Task to carry out |
Return all of the data that follows precisely, leaving every image out.

Data section |
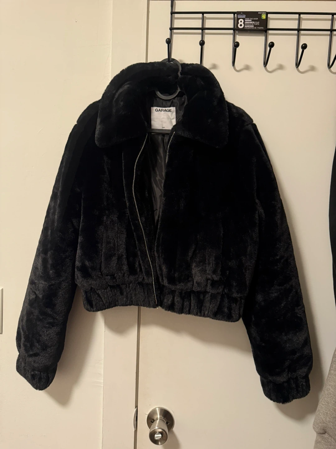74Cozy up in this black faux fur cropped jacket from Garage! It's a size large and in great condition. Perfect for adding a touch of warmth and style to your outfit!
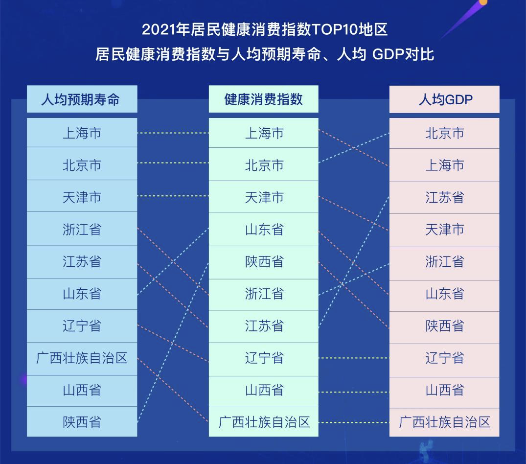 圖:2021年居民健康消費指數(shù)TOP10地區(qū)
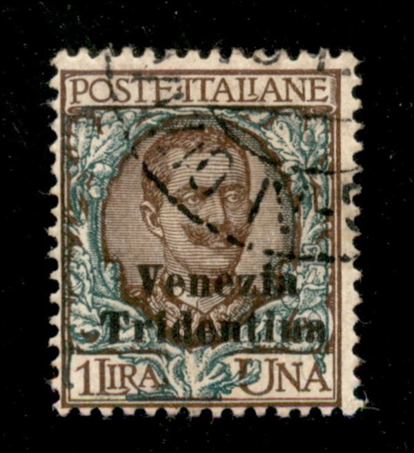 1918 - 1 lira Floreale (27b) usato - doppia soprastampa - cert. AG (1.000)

Task response |
74Cozy up in this black faux fur cropped jacket from Garage! It's a size large and in great condition. Perfect for adding a touch of warmth and style to your outfit!
 圖:2021年居民健康消費指數(shù)TOP10地區(qū)
 1918 - 1 lira Floreale (27b) usato - doppia soprastampa - cert. AG (1.000)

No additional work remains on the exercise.